- [To do]
Starting with the line that has "Duchess Pink Flock" in the records below and stopping after the line that has "Block Printed Flared Dress-Purple", output every line exactly and nothing else; skip pictures.

- [Data supplied]
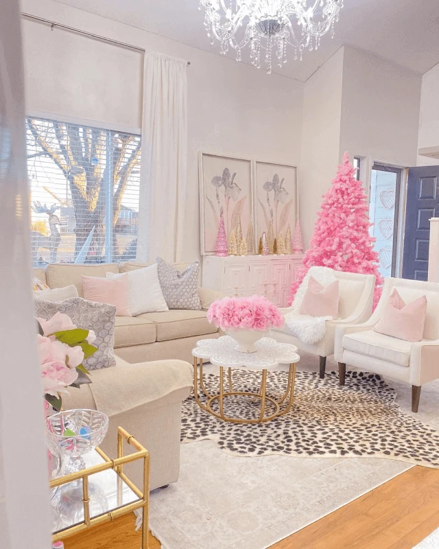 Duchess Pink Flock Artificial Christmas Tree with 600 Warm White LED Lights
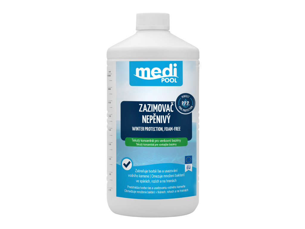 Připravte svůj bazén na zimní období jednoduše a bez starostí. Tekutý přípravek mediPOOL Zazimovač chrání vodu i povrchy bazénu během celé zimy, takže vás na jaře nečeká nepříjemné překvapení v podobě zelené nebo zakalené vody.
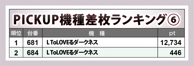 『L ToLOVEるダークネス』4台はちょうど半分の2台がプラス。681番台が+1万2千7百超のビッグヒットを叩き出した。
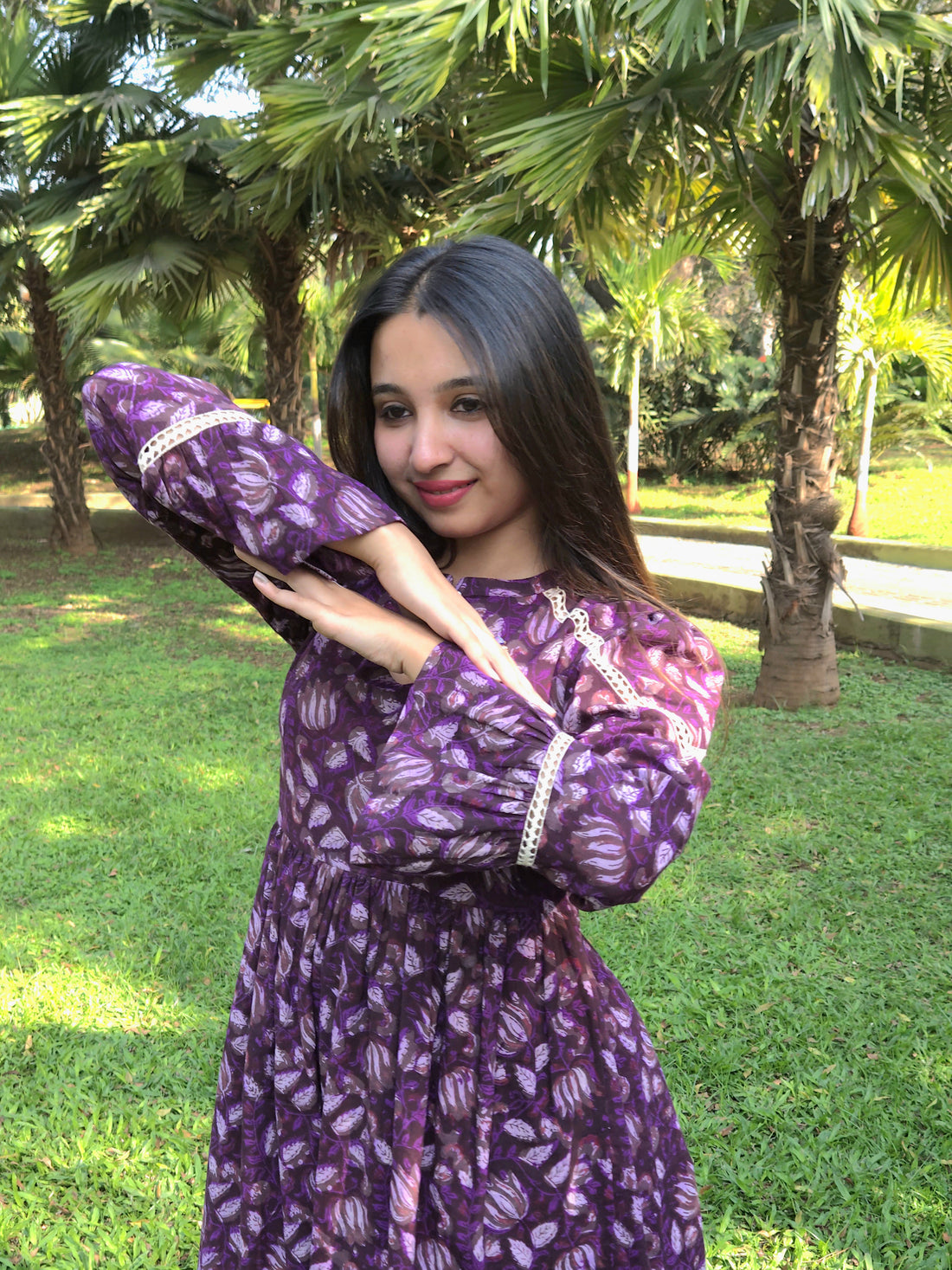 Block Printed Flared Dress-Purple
---
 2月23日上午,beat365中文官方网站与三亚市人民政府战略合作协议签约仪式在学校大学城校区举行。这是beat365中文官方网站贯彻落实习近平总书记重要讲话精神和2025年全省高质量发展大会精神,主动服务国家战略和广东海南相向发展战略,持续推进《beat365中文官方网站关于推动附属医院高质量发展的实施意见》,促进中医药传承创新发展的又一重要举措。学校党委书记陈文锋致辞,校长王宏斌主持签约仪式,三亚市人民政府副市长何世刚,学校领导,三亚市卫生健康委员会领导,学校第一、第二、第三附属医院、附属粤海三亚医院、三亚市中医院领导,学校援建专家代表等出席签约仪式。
---
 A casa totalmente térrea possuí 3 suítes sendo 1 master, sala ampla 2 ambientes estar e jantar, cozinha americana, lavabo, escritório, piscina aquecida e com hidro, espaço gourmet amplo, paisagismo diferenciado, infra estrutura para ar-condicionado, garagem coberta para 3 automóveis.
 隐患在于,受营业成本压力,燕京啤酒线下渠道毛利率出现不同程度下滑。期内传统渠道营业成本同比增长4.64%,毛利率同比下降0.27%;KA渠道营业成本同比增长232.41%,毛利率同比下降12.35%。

- [Output of the exercise]
 Duchess Pink Flock Artificial Christmas Tree with 600 Warm White LED Lights
 Připravte svůj bazén na zimní období jednoduše a bez starostí. Tekutý přípravek mediPOOL Zazimovač chrání vodu i povrchy bazénu během celé zimy, takže vás na jaře nečeká nepříjemné překvapení v podobě zelené nebo zakalené vody.
 『L ToLOVEるダークネス』4台はちょうど半分の2台がプラス。681番台が+1万2千7百超のビッグヒットを叩き出した。
 Block Printed Flared Dress-Purple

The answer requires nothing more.